◆ **Aim of the task**
Leaving out all pictures, restate word for word the lines from the one with "November Pre-Sale ›" through the last line of the entries.
---- Provided data
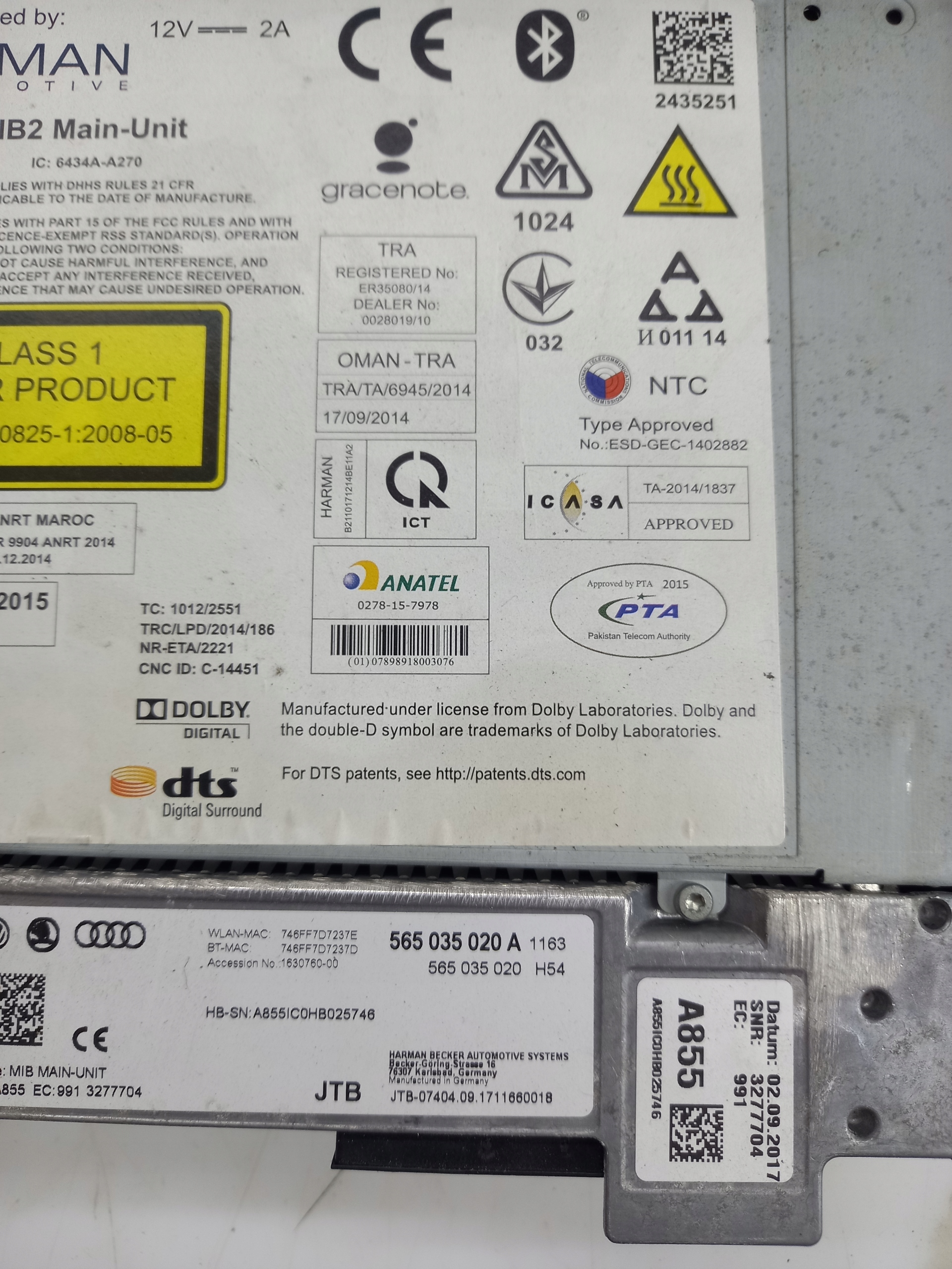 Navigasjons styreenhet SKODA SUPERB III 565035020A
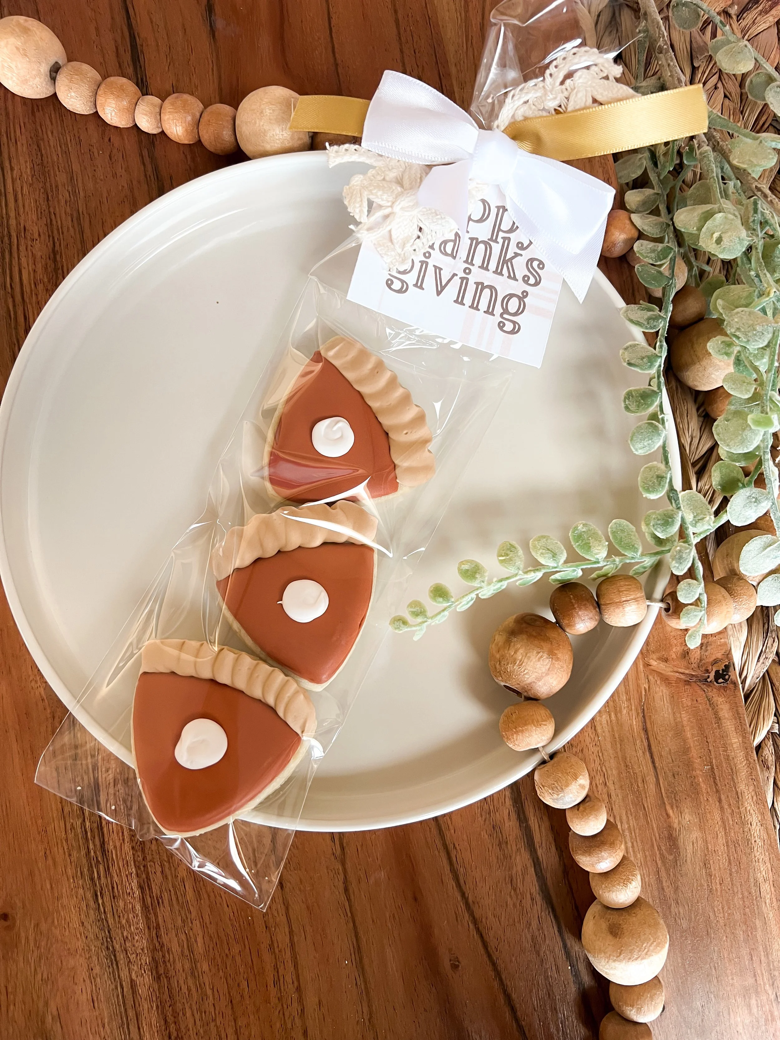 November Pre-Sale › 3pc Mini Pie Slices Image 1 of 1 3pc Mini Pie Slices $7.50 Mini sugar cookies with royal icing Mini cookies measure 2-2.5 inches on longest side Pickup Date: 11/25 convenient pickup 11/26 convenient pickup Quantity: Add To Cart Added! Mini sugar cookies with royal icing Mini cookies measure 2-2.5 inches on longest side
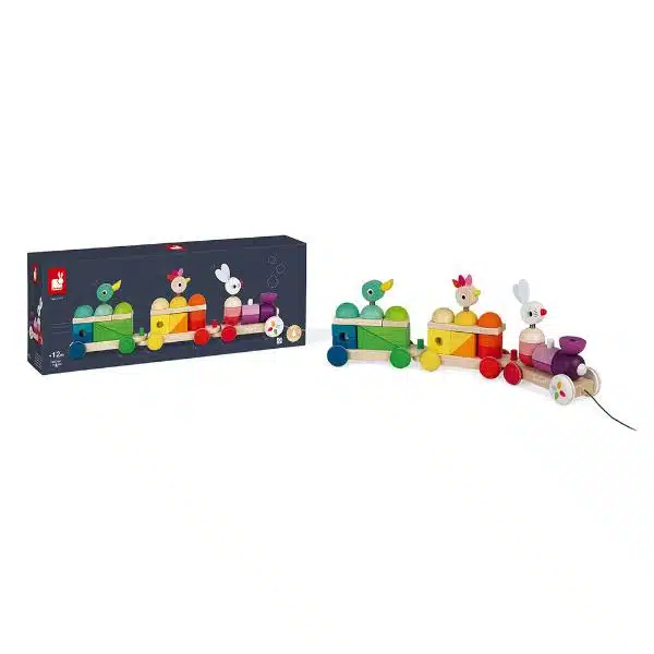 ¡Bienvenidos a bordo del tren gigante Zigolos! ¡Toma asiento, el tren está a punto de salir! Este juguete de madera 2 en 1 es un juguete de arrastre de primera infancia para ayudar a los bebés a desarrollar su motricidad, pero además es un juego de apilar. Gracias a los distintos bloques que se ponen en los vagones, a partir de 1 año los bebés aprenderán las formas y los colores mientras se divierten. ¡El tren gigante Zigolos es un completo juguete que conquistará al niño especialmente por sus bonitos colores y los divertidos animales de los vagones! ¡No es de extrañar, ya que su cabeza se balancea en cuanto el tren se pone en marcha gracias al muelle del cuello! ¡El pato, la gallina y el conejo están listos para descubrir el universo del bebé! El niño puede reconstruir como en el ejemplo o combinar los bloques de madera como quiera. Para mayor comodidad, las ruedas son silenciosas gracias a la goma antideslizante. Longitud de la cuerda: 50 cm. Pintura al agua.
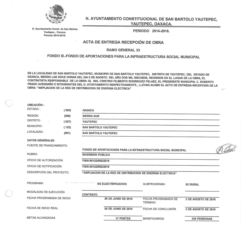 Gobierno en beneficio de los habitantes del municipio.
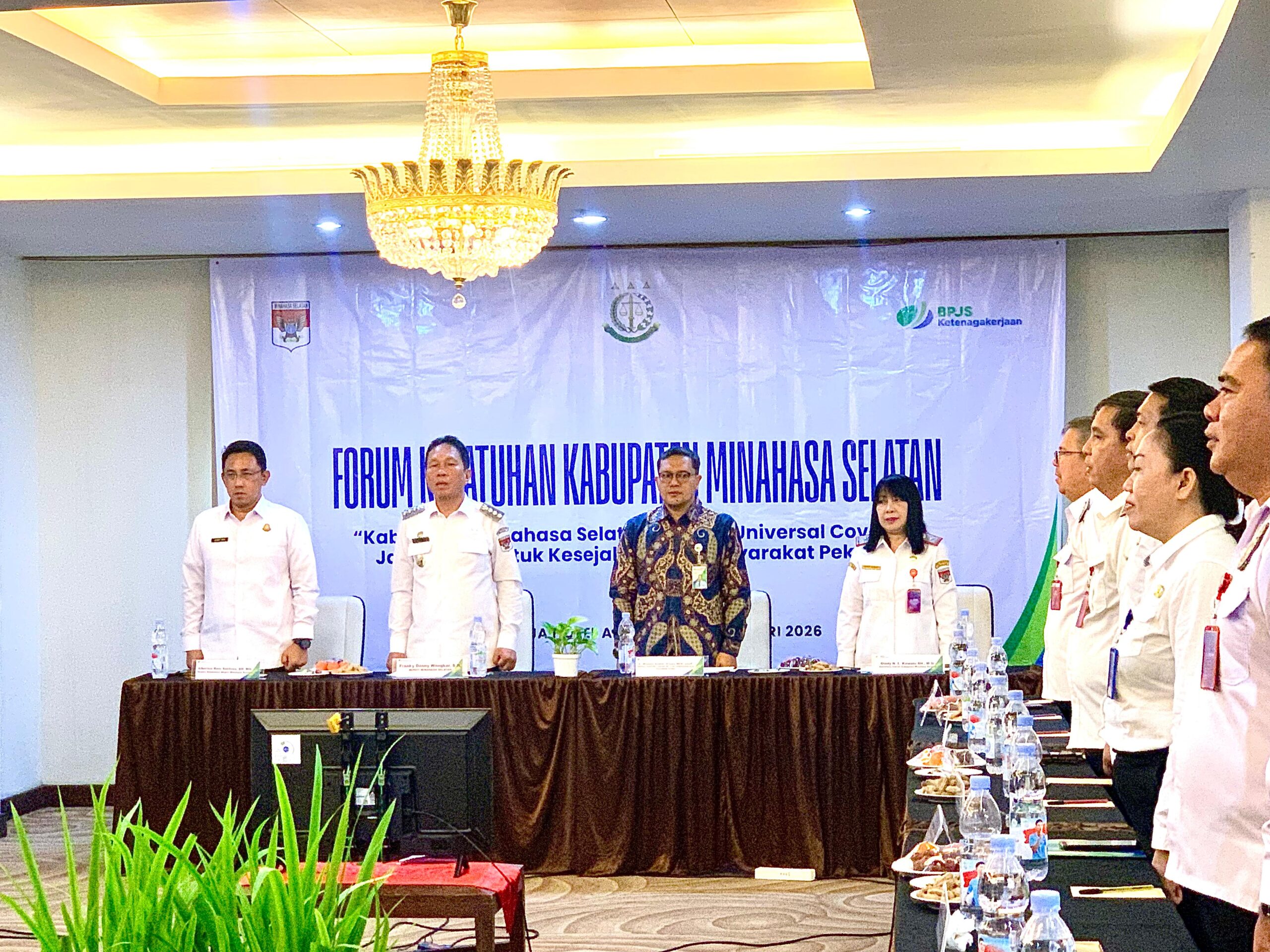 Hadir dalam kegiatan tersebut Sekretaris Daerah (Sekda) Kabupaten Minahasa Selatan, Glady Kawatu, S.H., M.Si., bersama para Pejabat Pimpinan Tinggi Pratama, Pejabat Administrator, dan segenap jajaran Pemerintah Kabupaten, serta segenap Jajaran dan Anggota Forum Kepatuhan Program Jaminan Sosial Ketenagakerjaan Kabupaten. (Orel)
--------
◆ **Response to the exercise**
 November Pre-Sale › 3pc Mini Pie Slices Image 1 of 1 3pc Mini Pie Slices $7.50 Mini sugar cookies with royal icing Mini cookies measure 2-2.5 inches on longest side Pickup Date: 11/25 convenient pickup 11/26 convenient pickup Quantity: Add To Cart Added! Mini sugar cookies with royal icing Mini cookies measure 2-2.5 inches on longest side
 ¡Bienvenidos a bordo del tren gigante Zigolos! ¡Toma asiento, el tren está a punto de salir! Este juguete de madera 2 en 1 es un juguete de arrastre de primera infancia para ayudar a los bebés a desarrollar su motricidad, pero además es un juego de apilar. Gracias a los distintos bloques que se ponen en los vagones, a partir de 1 año los bebés aprenderán las formas y los colores mientras se divierten. ¡El tren gigante Zigolos es un completo juguete que conquistará al niño especialmente por sus bonitos colores y los divertidos animales de los vagones! ¡No es de extrañar, ya que su cabeza se balancea en cuanto el tren se pone en marcha gracias al muelle del cuello! ¡El pato, la gallina y el conejo están listos para descubrir el universo del bebé! El niño puede reconstruir como en el ejemplo o combinar los bloques de madera como quiera. Para mayor comodidad, las ruedas son silenciosas gracias a la goma antideslizante. Longitud de la cuerda: 50 cm. Pintura al agua.
 Gobierno en beneficio de los habitantes del municipio.
 Hadir dalam kegiatan tersebut Sekretaris Daerah (Sekda) Kabupaten Minahasa Selatan, Glady Kawatu, S.H., M.Si., bersama para Pejabat Pimpinan Tinggi Pratama, Pejabat Administrator, dan segenap jajaran Pemerintah Kabupaten, serta segenap Jajaran dan Anggota Forum Kepatuhan Program Jaminan Sosial Ketenagakerjaan Kabupaten. (Orel)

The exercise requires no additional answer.